Abstract
In state of the art internal combustion engines less than fifty per cent of the fuel energy is transformed into useful mechanical energy. Most of the fuel energy is dissipated to the environment as thermal energy. Because of limitations in oil production and rising fuel prices, the total efficiency of the internal combustion engine as a system needs to be increased. Due to their mission profile with continuous long-haul driving cycles commercial vehicles provide a very high potential for thermal recovery systems.
The dynamic vehicle simulation model of a truck considered here is called FasiSteam and is a combination of three different simulation tools. The longitudinal dynamic model is calculated in Matlab/Simulink, the thermal management part is modeled in Flowmaster. The third tool, the waste heat recovery model, is built in the multi-engineering simulation software Dymola. The thermal and longitudinal dynamic models are in-house simulation systems of MAN Truck & Bus AG. The waste heat recovery model is connected to these two parts to yield the overall system FasiSteam. This holistic simulation tool enables transient vehicle simulations with respect to the interactions between these three subsystems. FasiSteam allows detailed simulations under various boundary conditions. Thus, for example, different dynamic driving cycles under different ambient conditions can be simulated. Both individual subsystems as well the complex interactions in the entire system can be analyzed.

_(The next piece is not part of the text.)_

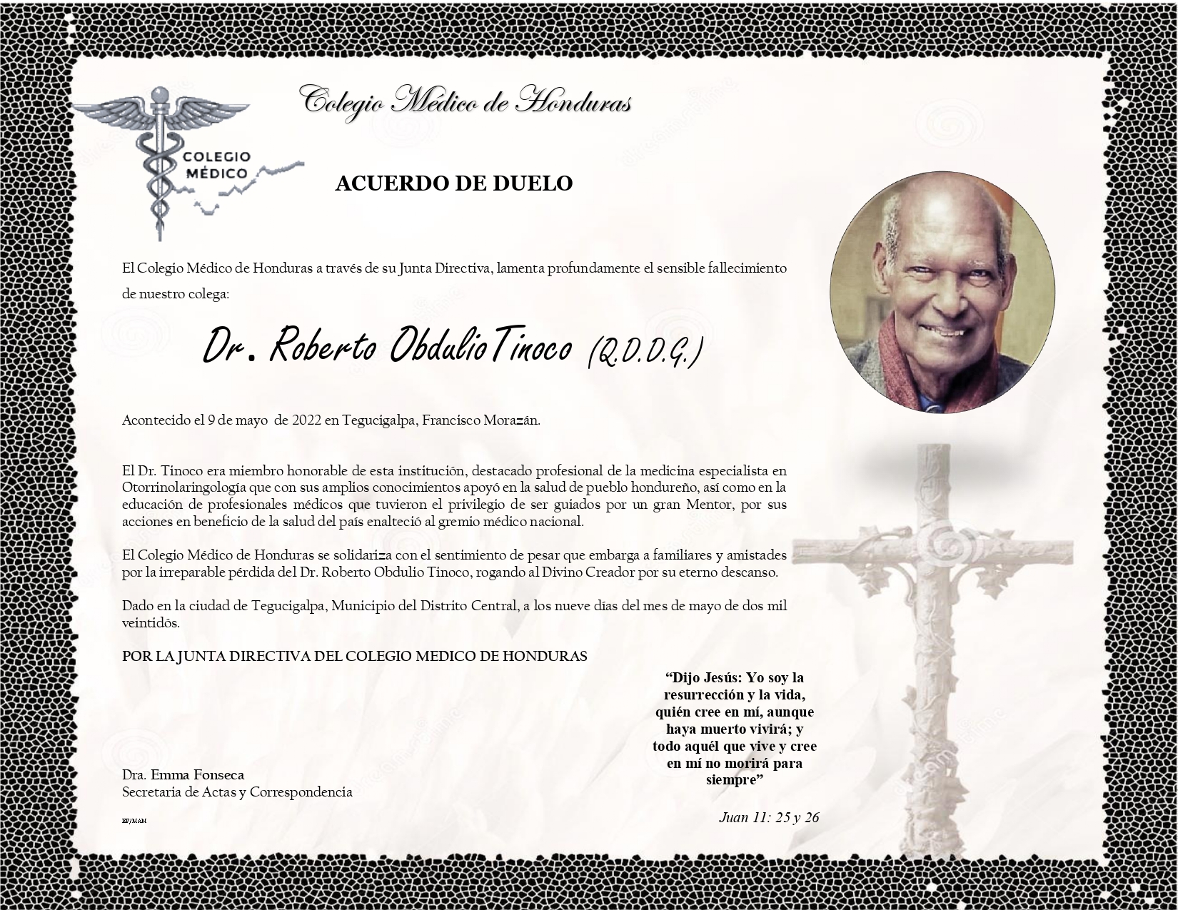 Obituario Dr. Roberto Obdulio Tinoco (Q.D.D.G.)

In this paper the results of a dynamic vehicle model for waste heat recovery concepts for commercial vehicles will be presented. The simulation models are based mainly on physical correlations and are compared with test bench results. Both stationary and transient validations are performed. The main focus is on predicting and optimizing fuel efficiency. However, the results can be used to design the individual system components as well as for controlling and optimizing the overall system operation. With the object-oriented modeling it is possible to change certain components in the Rankine cycle with little effort. Simulation results for different types of expansion machines, e. g. piston expanders or steam turbines, will thus be shown. Furthermore, the thermal inertia in the Rankine cycle and the resulting effects are presented.
The design and the validation of models are based on prototypes, which means that the results do not represent the optimum: with adjusted components and optimized controllers the fuel economy can be further improved. This paper shows only one possible configuration of the Rankine cycle, and the interaction with the engine's combustion process is not yet considered. The results from a transient co-simulation of a dynamic commercial vehicle in combination with a Rankine cycle are new. Beside this, the different types of expansion machines have not yet been compared and the influence of thermal inertia effects on the system is still unknown. A validated dynamic commercial vehicle simulation model combined with a Rankine cycle has been developed. With this simulation tool viable conclusions can be drawn about the effects of thermal recuperation measures in commercial vehicles.
KEYWORDS – Waste Heat Recovery; Rankine Cycle; Commercial Vehicle; Dynamic Vehicle Simulation; Fuel Efficiency;